An integrated strategy for identifying new targets and inferring the mechanism of action: taking rhein as an example

Affiliations

An integrated strategy for identifying new targets and inferring the mechanism of action: taking rhein as an example

Hao Sun et al. BMC Bioinformatics. .

Abstract

Background: Target identification is necessary for the comprehensive inference of the mechanism of action of a compound. The application of computational methods to predict the targets of bioactive compounds saves cost and time in drug research and development. Therefore, we designed an integrated strategy consisting of ligand-protein docking, network analysis, enrichment analysis, and an experimental surface plasmon resonance (SPR) method to identify and validate new targets, and then used enriched pathways to elucidate the underlying pharmacological mechanisms. Here, we used rhein, a compound with various pharmacological activities, as an example to find some of its previously unknown targets and to determine its pharmacological activity.
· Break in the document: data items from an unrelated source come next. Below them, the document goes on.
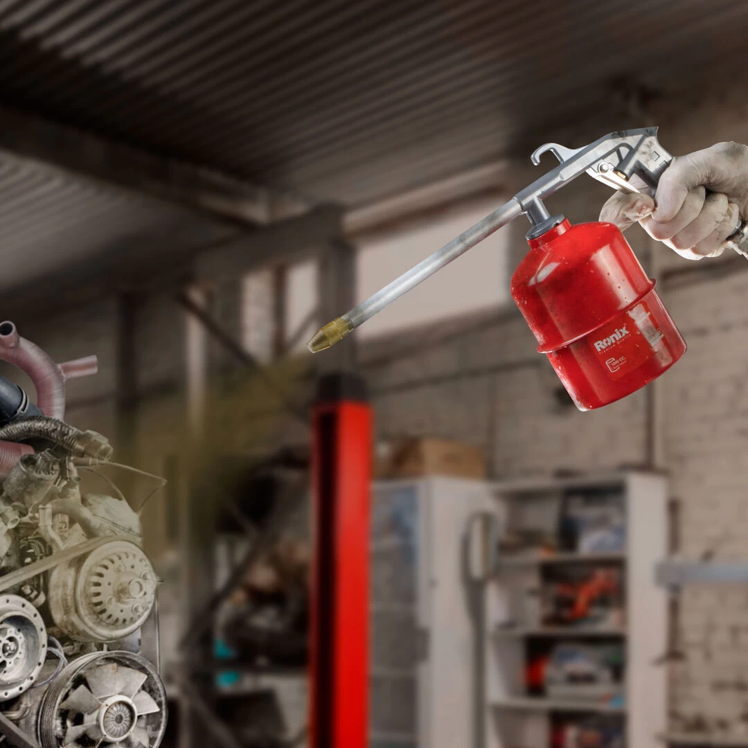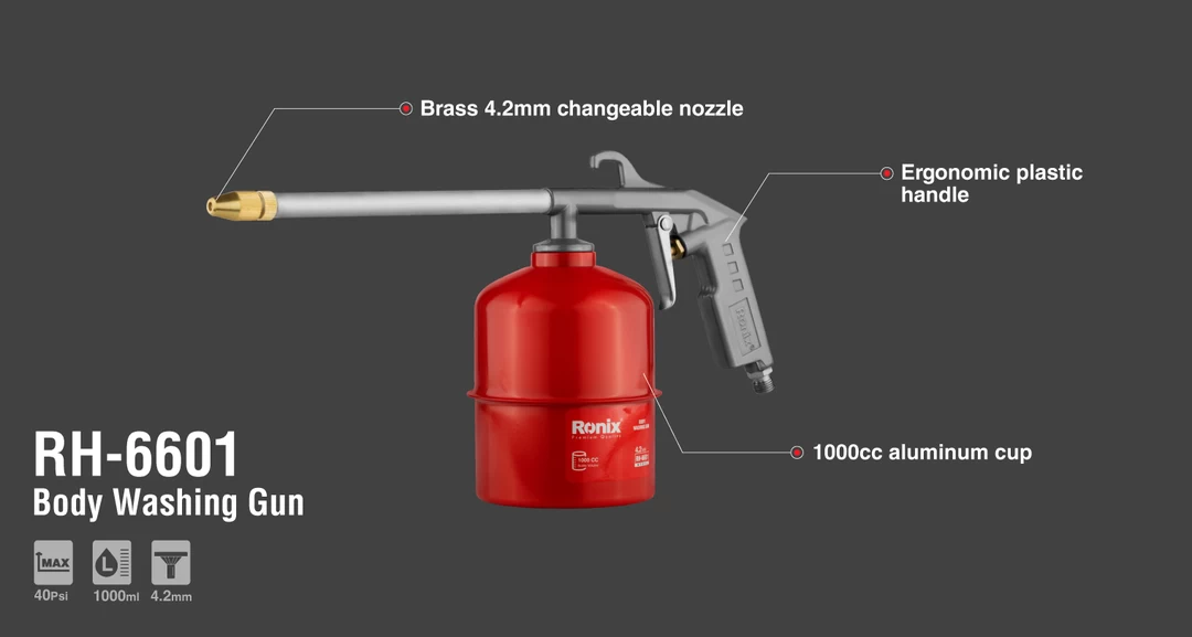گازوییل پاش رونیکس مدل RH-6601 از انواع پیستوله های بادی محسوب می شود که مناسب انجام طیف گسترده ای از فعالیت ها در تعمیرگاه های ماشین، کارگاه ها، مغازه ها و استفاده شخصی می باشد. این گازوئیل پاش بادی مجهز به بدنه ای آلومینیومی و مخزنی قرمز رنگ به ظرفیت 1000 میلی لیتر است. نازل برنجی قابل تعویض این دستگاه از سایز 4.2 میلی متر برخوردار است و می تواند در فعالیت های مختلف تمیزکاری، ضدعفونی کردن، فرو نشاندن گرد و غبار و ... به خوبی موادی مانند بنزین، کف و سایر حلال ها را با فشار زیاد اسپری کند. از دیگر ویژگی های مدل RH-6601 رونیکس سرعت پاشش بالا و قابلیت چرخش به دو طرف است که امکان تمیز کردن آلودگی ها، چربی ها و روغن ها را از روی موتور و ماشین آلات را برای کاربر فراهم می کند.
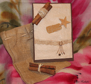 В работе использовались кардсток, фетр, палочки корицы, звёздочка из дерева, цепочка с надписью "Love". Кружево состарено с помощью чая с корицей.
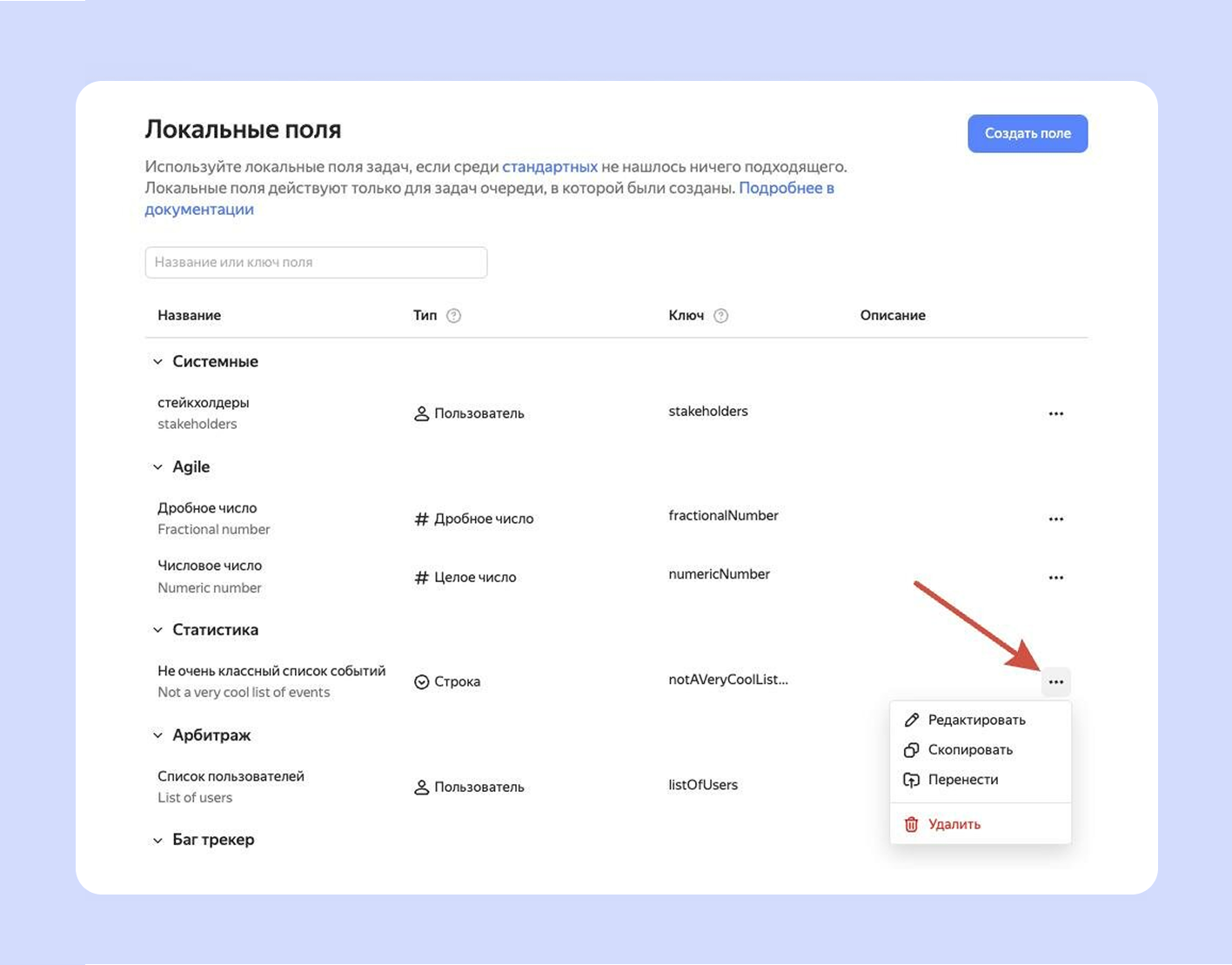 В настройках очереди и в списке полей Яндекс Трекера появилось меню действий с глобальными и локальными полями. Теперь поле можно скопировать, отредактировать или удалить без использования HTTP-запросов. Подробнее о новой возможности читайте на страницах:
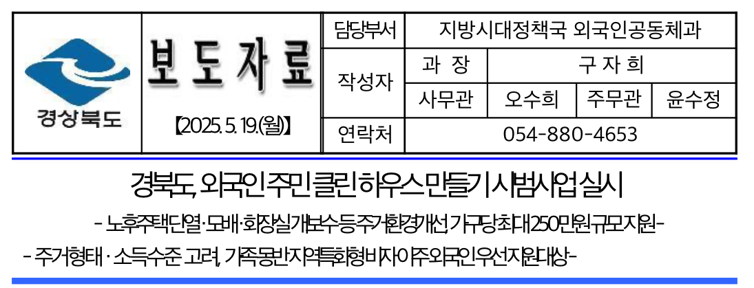 경상북도는 외국인 주민의 열악한 주거환경을 개선하고 안정적인 지역 사회 정착을 돕기 위해 내달부터‘외국인 주민 클린하우스 만들기’사업을 본격 추진한다고 밝혔습니다.
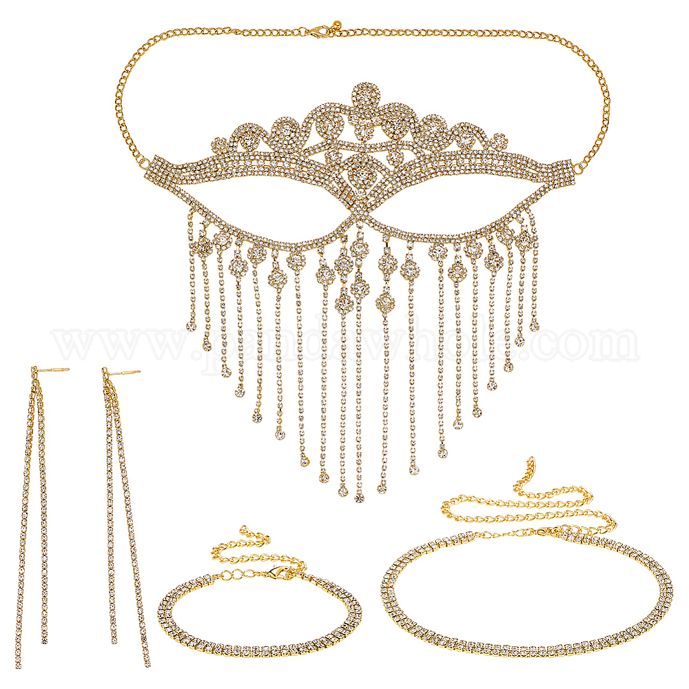 Комплекты ювелирных изделий, включая ожерелья, браслеты и серьги из латунных страз, маска для лица с кисточками из сплава стразов

Results: A total of nine candidate targets were discovered, including LCK, HSP90AA1, RAB5A, EGFR, CDK2, CDK6, GSK3B, p38, and JNK. LCK was confirmed through SPR experiments, and HSP90AA1, EGFR, CDK6, p38, and JNK were validated through previous reports. Rhein network regulations are complex and interconnected. The therapeutic effect of rhein is the synergistic and comprehensive result of this vast and complex network, and the perturbation of multiple targets gives rhein its various pharmacological activities.

Conclusions: This study provided a new integrated strategy to identify new targets of bioactive compounds and reveal their molecular mechanisms of action.

Keywords: Enrichment analysis; Ligand-protein docking; Network analysis; Rhein; SPR; Target identification.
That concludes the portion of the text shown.